# Nuvo Screws - Nuvo kid on the block



## chopnhack (Nov 5, 2011)

Sweet!! Just finished hanging another kitchen today and wished I had these! Back hurts from "powering" the screws overhead while balancing with the other hand ;-)

Gene, do you think the new bit is worthwhile? It seems like it would register more tightly, more so than the square drive. I love the square drive for being able to hold long screws without dropping while your one handed.

Most manufacturers don't make longer than 2" or at least I haven't seen them in there offerings. Why? Ever hang in a condo with the walls all funky?? 2 1/4 was a must….


----------



## shipwright (Sep 27, 2010)

Thanks Gene , I'll look into these. I do use fastenings occasionally.


----------



## madts (Dec 30, 2011)

Thanks Gene: I love good screws, no pun intended.


----------



## stefang (Apr 9, 2009)

A great and helpful review Gene. I hope they find their way to Norway.


----------



## SPalm (Oct 9, 2007)

Gene, you are amazing. 
What a well documented, thoughtful, well written, and insightful review. And your photos are stunning.

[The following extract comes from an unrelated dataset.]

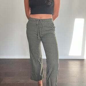 Army green linen pants with braided rope and straight leg. 100% cotton, very little stretch. Japanese brand L&Beautiful. Size 4. Perfect vacations pants.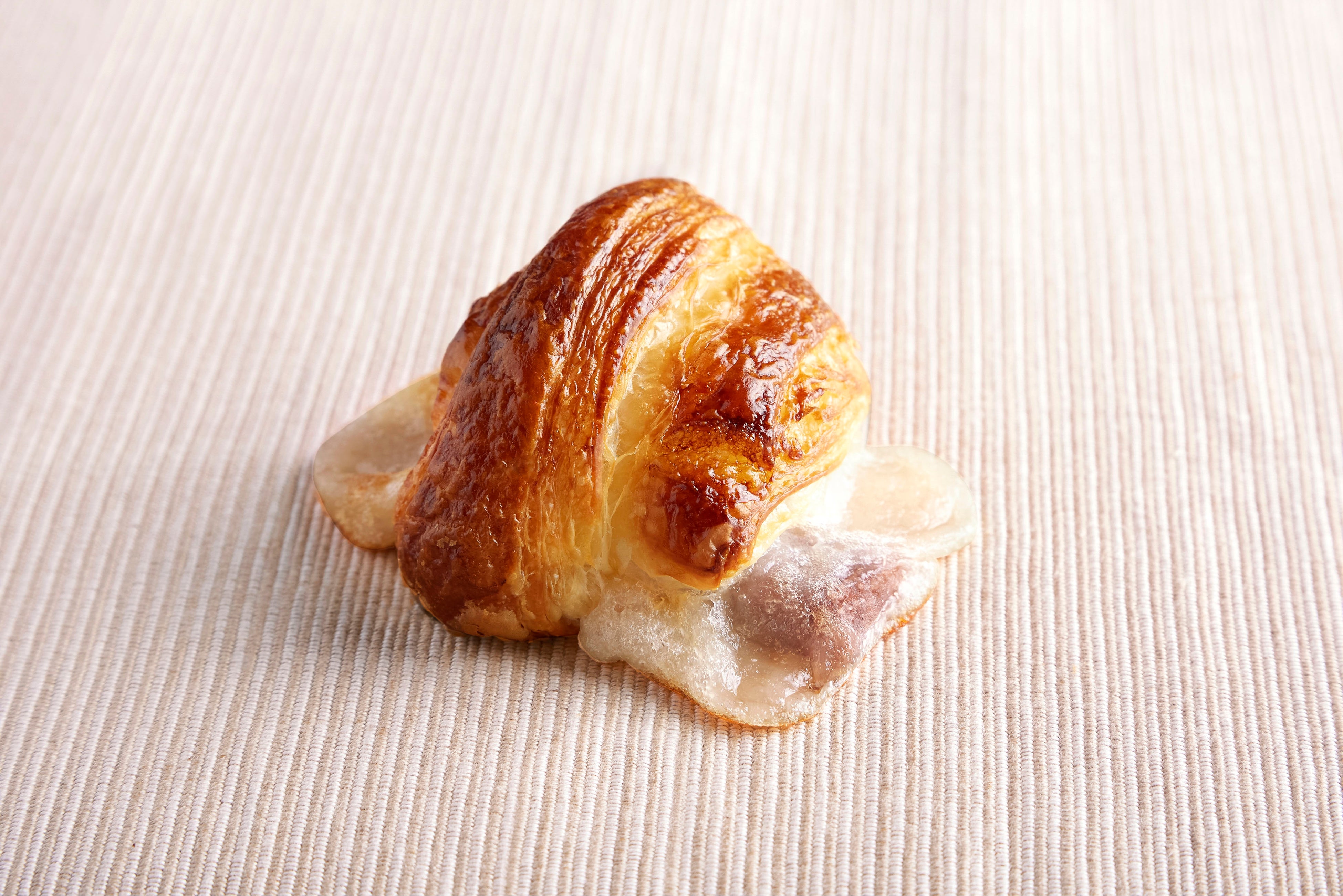 北海道産の小豆あんを包んださわ餅は、ほんのり塩味がきいて風味が良く、コクのある味わいが特徴。クロワッサンの生地と一緒に焼き上げることで、クロワッサンのサクサク食感とこんがり焼けたお餅のカリカリ食感が楽しめます。

Those screws seem really nice, I will keep this in my bag of tricks.

Steve


----------



## RobynHoodridge (Jan 9, 2012)

Oooh. I learned something. Thank you!


----------



## ScottKaye (Jan 19, 2013)

great review… wish they had a few more distibutors! If they really want to sell these, they need to get in the big three (orange/blue and amazon)


----------



## Dusty56 (Apr 20, 2008)

*...the finest screw available*…..nevermind. : )


----------



## peteg (Sep 2, 2010)

Love that way you share your latest research Gene, 
Pete


----------



## redryder (Nov 28, 2009)

Nice review.
Hopefully "McFeelys" will start selling them.
That's where I always go to get screwed….......................


----------



## NiteWalker (May 7, 2011)

Great review; I love how well thought and written it is.
But a question: Do these screws offer any advantages in a controlled environment (workshop) where predrilling is typically done? I switched from phillips screws a long time ago to square drive and haven't needed anything more, so I never jumped on the spax or grk bandwagon.


----------



## vipond33 (Jul 25, 2011)

Thanks for the interest, the compliments and the well expected puns. For even more knee slappers, go to http://lumberjocks.com/topics/43769 or http://lumberjocks.com/topics/42397.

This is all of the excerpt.